Relationship-Aware Hierarchical 3D Scene Graph for Task Reasoning
Albert Gassol Puigjaner, Angelos Zacharia, Kostas Alexis
AI summary
Problem
Traditional metric-semantic maps and existing 3D scene graphs lack scalable hierarchical structures, open-vocabulary semantics, and online relational reasoning, limiting autonomous agents' ability to understand and interact with dynamic environments.
Approach
The framework incrementally constructs a five-layer hierarchical 3D scene graph enriched with open-vocabulary CLIP embeddings and VLM-inferred object relationships, then uses an LLM-VLM module to decompose natural language tasks and evaluate interaction feasibility.
Key results
- Extends hierarchical 3D scene graphs with multi-level open-vocabulary features
- Integrates VLM-derived visual features to model explicit object relationships
- Combines LLMs and VLMs to decompose tasks, identify relevant objects, and assess interaction feasibility
- Demonstrates online graph construction and task reasoning on a quadruped robot across multiple environments
Why it matters
Provides a scalable, online representation that bridges low-level spatial perception and high-level language reasoning for autonomous robotic navigation and manipulation.
Abstract
Representing and understanding 3D environments in a structured manner is crucial for autonomous agents to navigate and reason about their surroundings.
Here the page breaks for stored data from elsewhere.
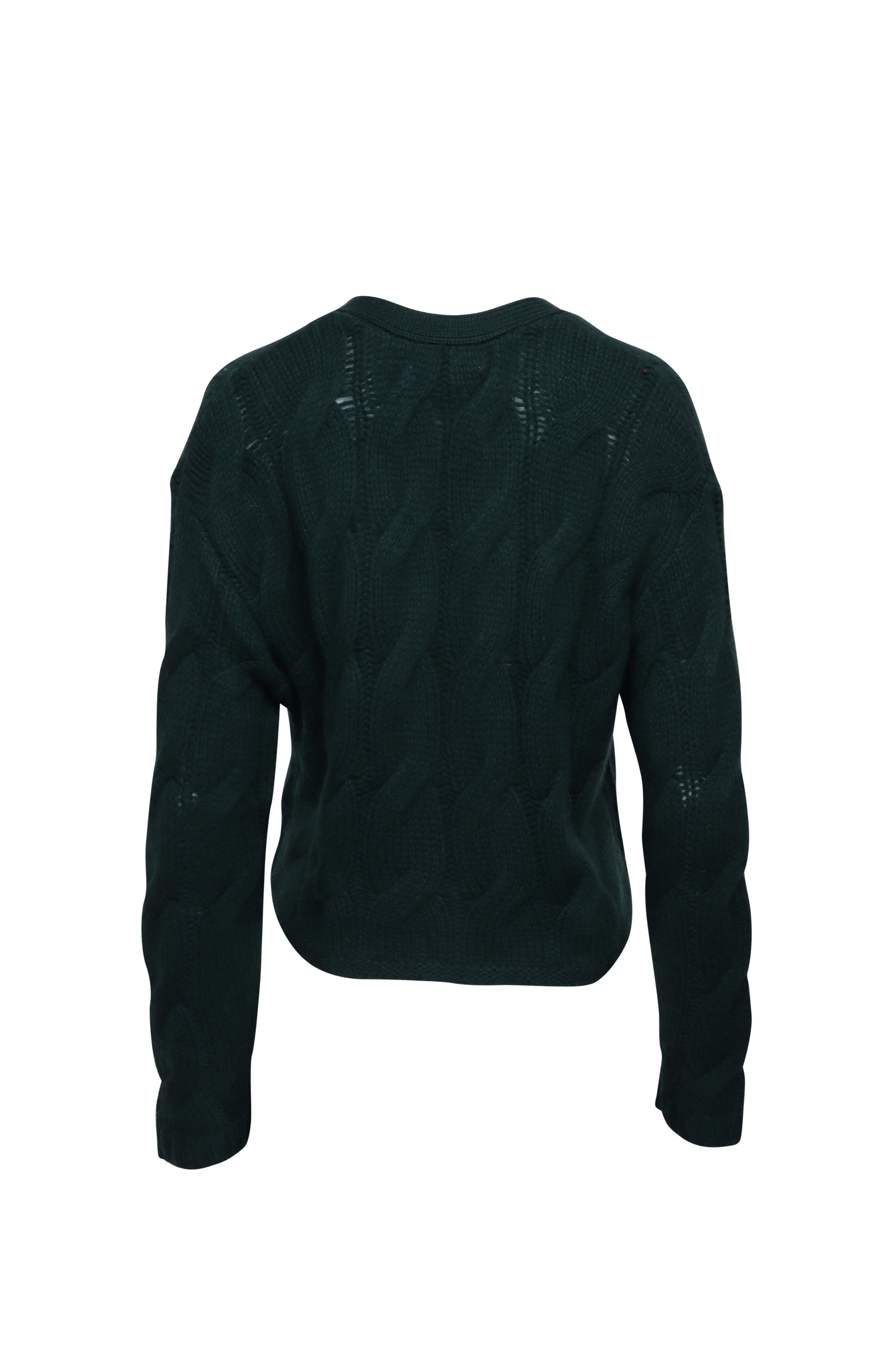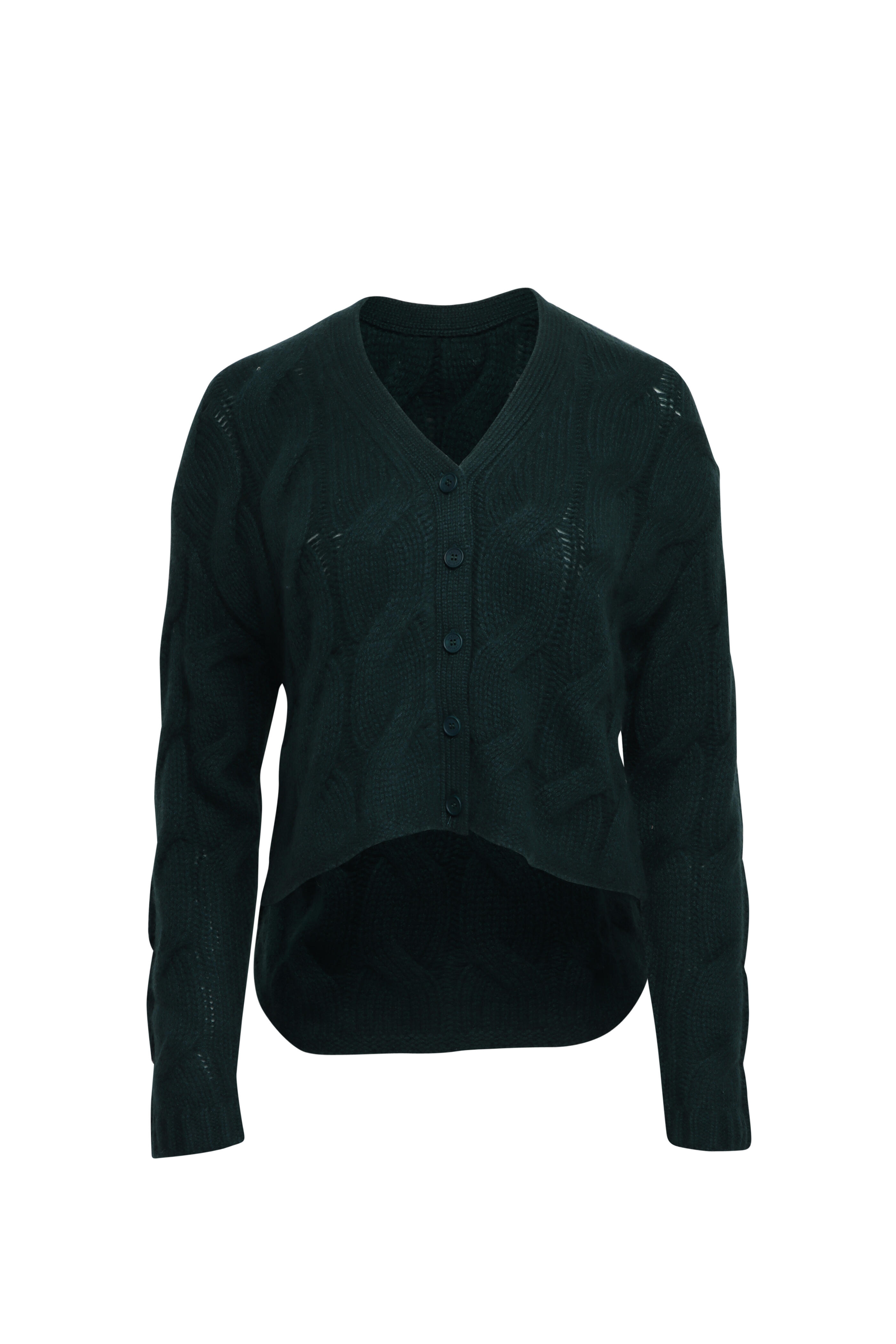 V neck. Drop shoulders. Long sleeves. Button up front closure. Boxy fit. Cableknit fabrication. Imported. Bust 40.5” (Size S). Sleeve 20.5” (Size S). Cropped length. 100% cashmere. Dry clean.
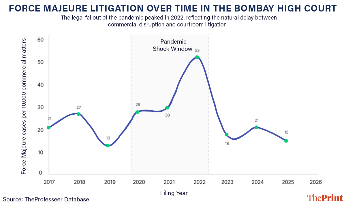 Take, for instance, the COVID-19 pandemic. The economic fallout was so significant that even the government of India issued procurement guidance treating pandemic-related disruptions as force majeure events. This trend is reflected in the data. In the Bombay High Court’s arbitration and commercial appellate dockets, FM disputes were relatively rare before 2020. However, as pandemic-era breakdowns moved from boardrooms to courtrooms, the rate rose sharply, peaking in 2022 at 53 cases per 10,000 matters. Some of these cases remain pending even today.
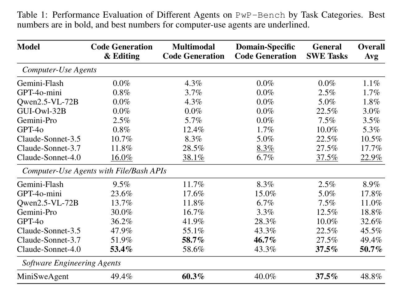 - 引入了PwP-Bench基准测试,包含多种软件工程任务的基准测试。
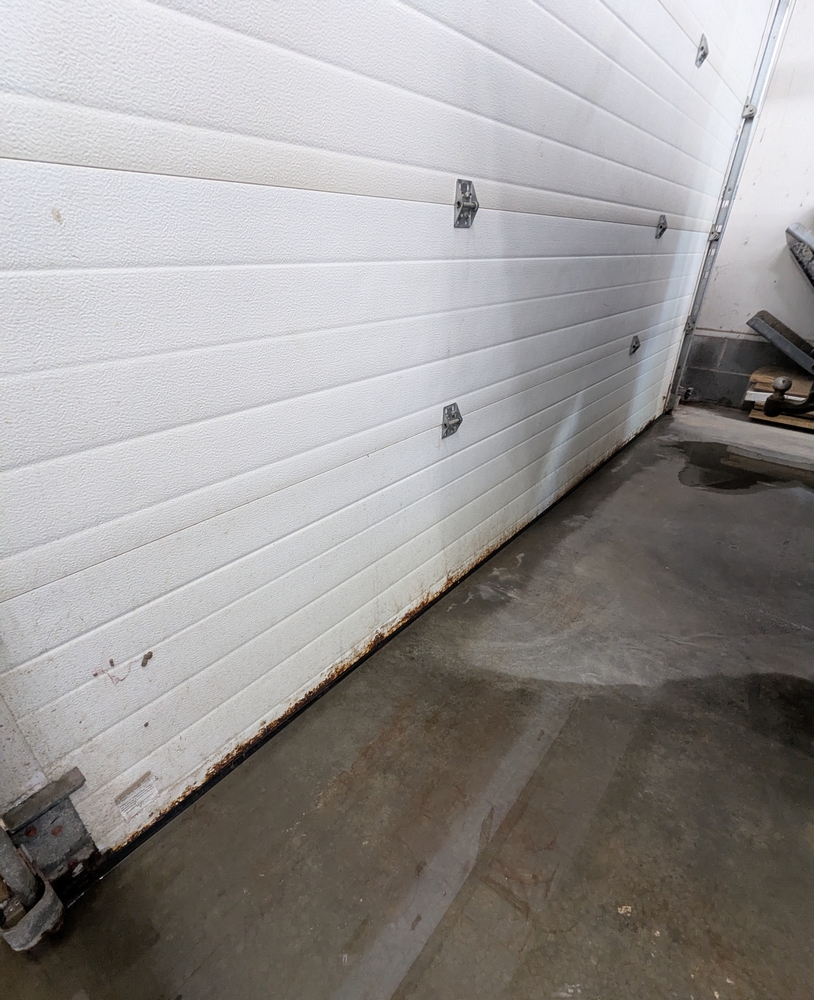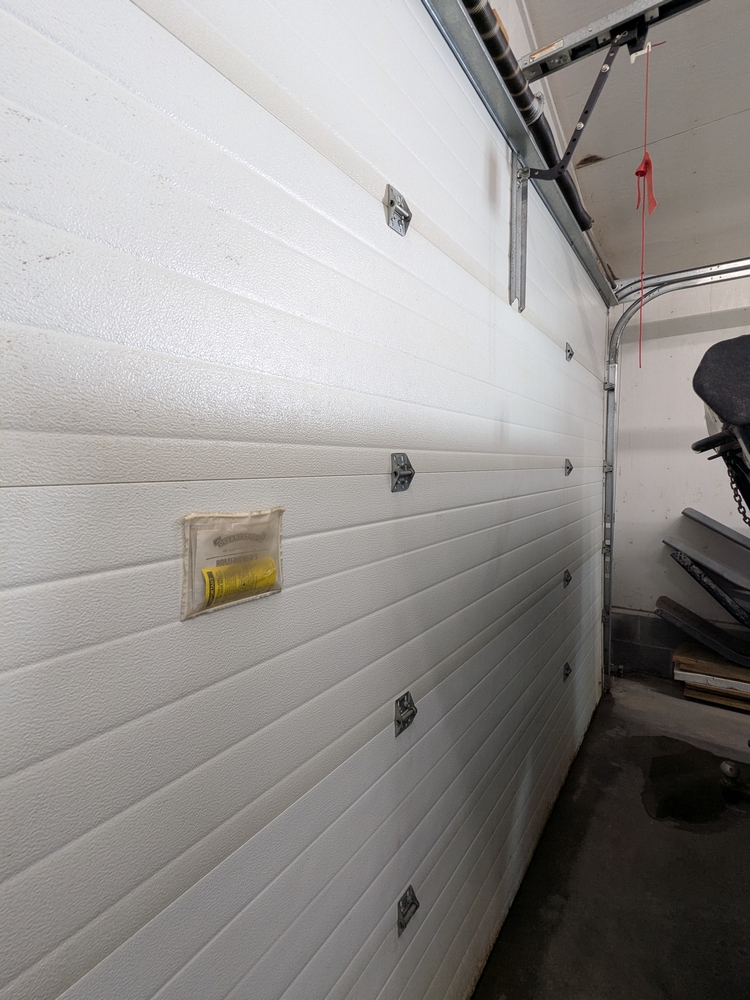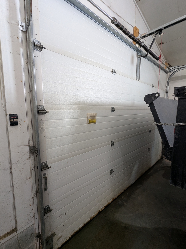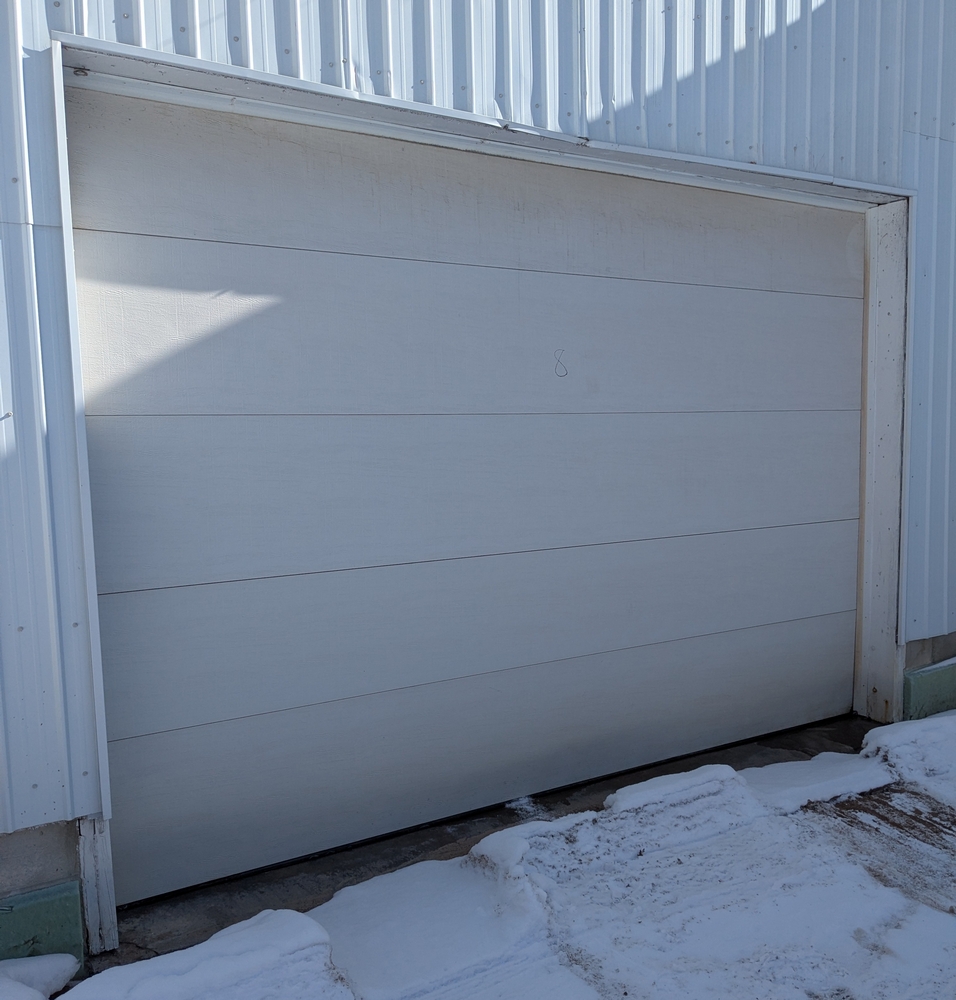 Insulated Overhead Door No. 8; 10ftx12ft. Lot includes door, opener, track and springs. Door is uninstalled.

While traditional Simultaneous Localization and Mapping (SLAM) methods generate metric reconstructions and can be extended to metric- semantic mapping, they lack a higher level of abstraction and relational reasoning. To address this gap, 3D scene graphs have emerged as a powerful representation for capturing hierarchical structures and object relationships. In this work, we propose an enhanced hierarchical 3D scene graph that integrates open-vocabulary features across multiple abstraction levels and supports object-relational reasoning. Our approach leverages a Vision Language Model (VLM) to infer semantic relationships. Notably, we introduce a task reasoning module that combines Large Language Models (LLM) and a VLM to interpret the scene graph’s semantic and relational information, enabling agents to reason about tasks and interact with their environment more intelligently. We validate our method by deploying it on a quadruped robot in multiple environments and tasks, highlighting its ability to reason about them.